(Work task) The pictures are to be left out, and all remaining data is to be transcribed exactly as it appears.

(Dataset extract)
▬▬▬▬▬▬▬▬▬▬

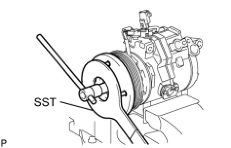 (b) Using SST, hold the magnet clutch hub.
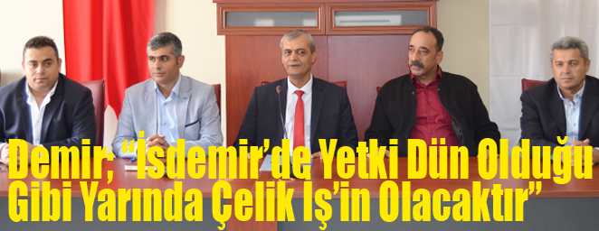 Geçtiğimiz ay İsdemir için yetki başvurusunda bulunduklarını ve bakanlığın çoğunluk kararı verdiğini hatırlatan Demir; “Türk Metal Sendikasının İsdemir’de 1 yılı aşan sürede oynadığı her türlü kirli oyun, tezgah ve senaryolarına karşı verdiğimiz mücadele sonunda 3 Eylül 2014 tarihinde Çelik-İş Sendikası, İsdemir için yetki başvurusunda bulunmuştur. Yapılan yetki müracaatı neticesinde Çalışma Bakanlığı’nın SGK kayıtlarına göre üye sayıları dikkate alınarak çoğunluk kararı vermesi yasal bir işlemdir. Ancak bu kesin bir sonuç değildir. Normal süreçte İsdemir A, B ve C gruplarının toplam sayısı 5409’du. 3 Eylül tarihi itibari ile Bakanlıkta çıkan üye sayımız 2760 olarak tespit edilmiştir. Sendikamız Çelik-İş, buna göre yüzde %52’ye ulaşan bir oranla yetkilidir” dedi.
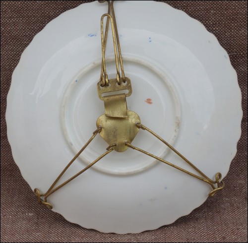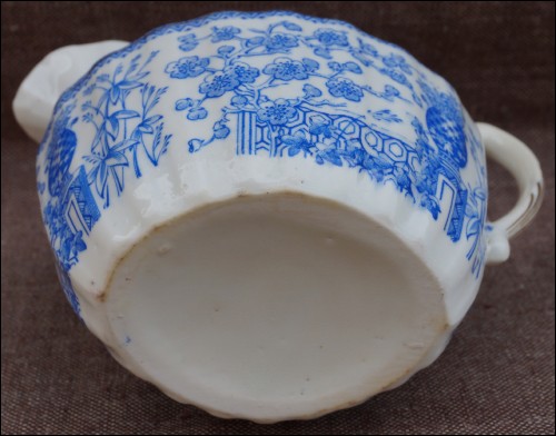 Pot à crème et ses trois sous tasse, porcelaine de Staffordshire, décor de Blair & Co, mouvement Aesthetic, vers 1884 .Scène de jardin asiatique et marli géométrique en bleu et blanc agrémenté de filets or. L'ensemble est en très bel état léger jauni sutout la sous tasse centrale. Pot à crème : hauteur 9,5 cm, longueur 14 cm, sous tasse 14 cm de diamètre.
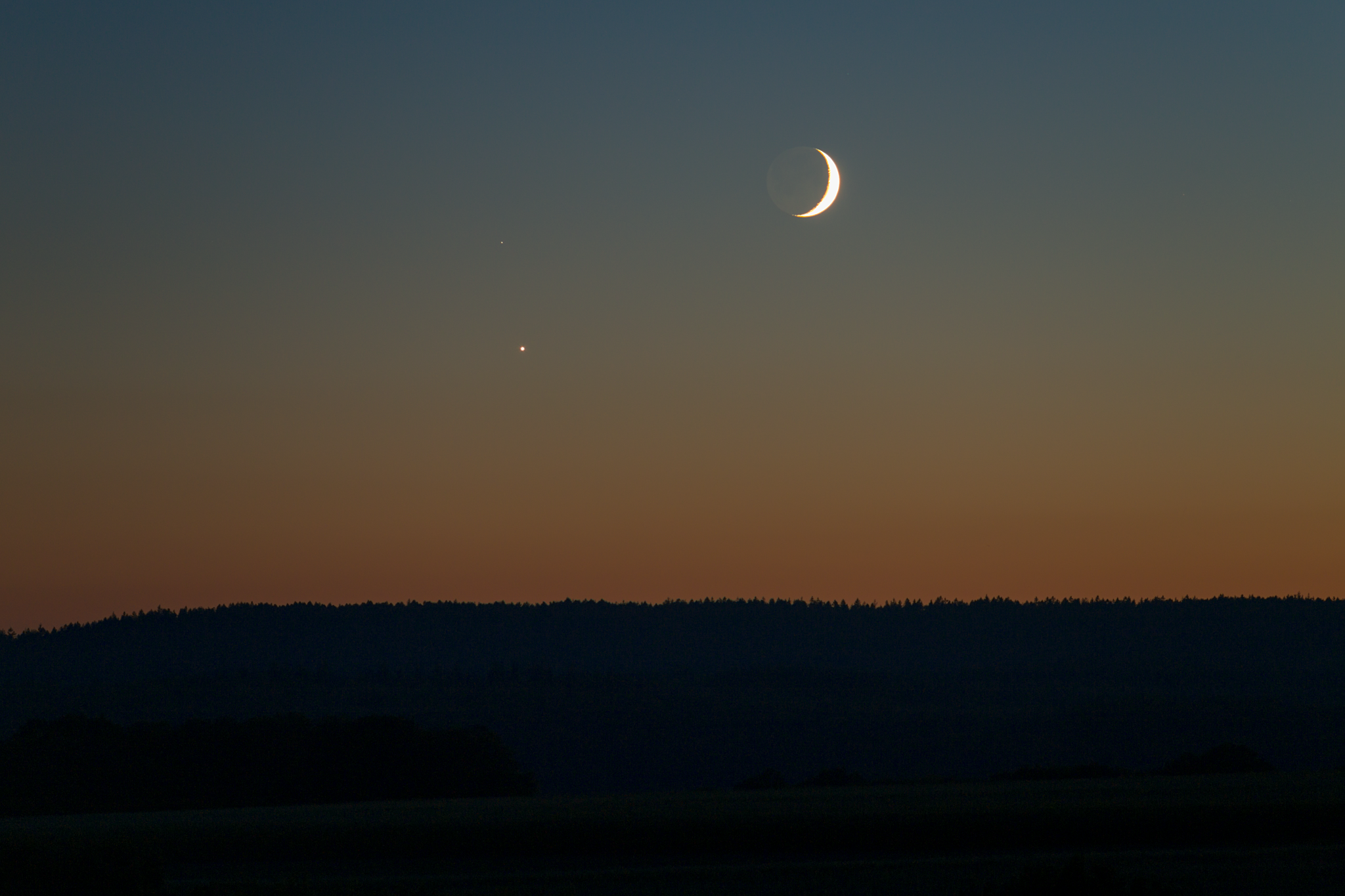 Dreierbegegnung der Mondsichel, Venus und dem Stern Delta Scorpii (Dschubba, +2,29 mag) am Abend des 9. Oktober 2021 um 19:17 Uhr MESZ. Venus befand sich 2,5° südlich des Mondes. Der Himmel war sehr klar dank goldenem Oktoberwetter. Eine der engsten Begegnungen des Mondes mit dem Abendstern in der momentanen Abendsichtbarkeit bisher.

▬▬▬▬▬▬▬▬▬▬

(Response)
 (b) Using SST, hold the magnet clutch hub.
 Geçtiğimiz ay İsdemir için yetki başvurusunda bulunduklarını ve bakanlığın çoğunluk kararı verdiğini hatırlatan Demir; “Türk Metal Sendikasının İsdemir’de 1 yılı aşan sürede oynadığı her türlü kirli oyun, tezgah ve senaryolarına karşı verdiğimiz mücadele sonunda 3 Eylül 2014 tarihinde Çelik-İş Sendikası, İsdemir için yetki başvurusunda bulunmuştur. Yapılan yetki müracaatı neticesinde Çalışma Bakanlığı’nın SGK kayıtlarına göre üye sayıları dikkate alınarak çoğunluk kararı vermesi yasal bir işlemdir. Ancak bu kesin bir sonuç değildir. Normal süreçte İsdemir A, B ve C gruplarının toplam sayısı 5409’du. 3 Eylül tarihi itibari ile Bakanlıkta çıkan üye sayımız 2760 olarak tespit edilmiştir. Sendikamız Çelik-İş, buna göre yüzde %52’ye ulaşan bir oranla yetkilidir” dedi.
 Pot à crème et ses trois sous tasse, porcelaine de Staffordshire, décor de Blair & Co, mouvement Aesthetic, vers 1884 .Scène de jardin asiatique et marli géométrique en bleu et blanc agrémenté de filets or. L'ensemble est en très bel état léger jauni sutout la sous tasse centrale. Pot à crème : hauteur 9,5 cm, longueur 14 cm, sous tasse 14 cm de diamètre.
 Dreierbegegnung der Mondsichel, Venus und dem Stern Delta Scorpii (Dschubba, +2,29 mag) am Abend des 9. Oktober 2021 um 19:17 Uhr MESZ. Venus befand sich 2,5° südlich des Mondes. Der Himmel war sehr klar dank goldenem Oktoberwetter. Eine der engsten Begegnungen des Mondes mit dem Abendstern in der momentanen Abendsichtbarkeit bisher.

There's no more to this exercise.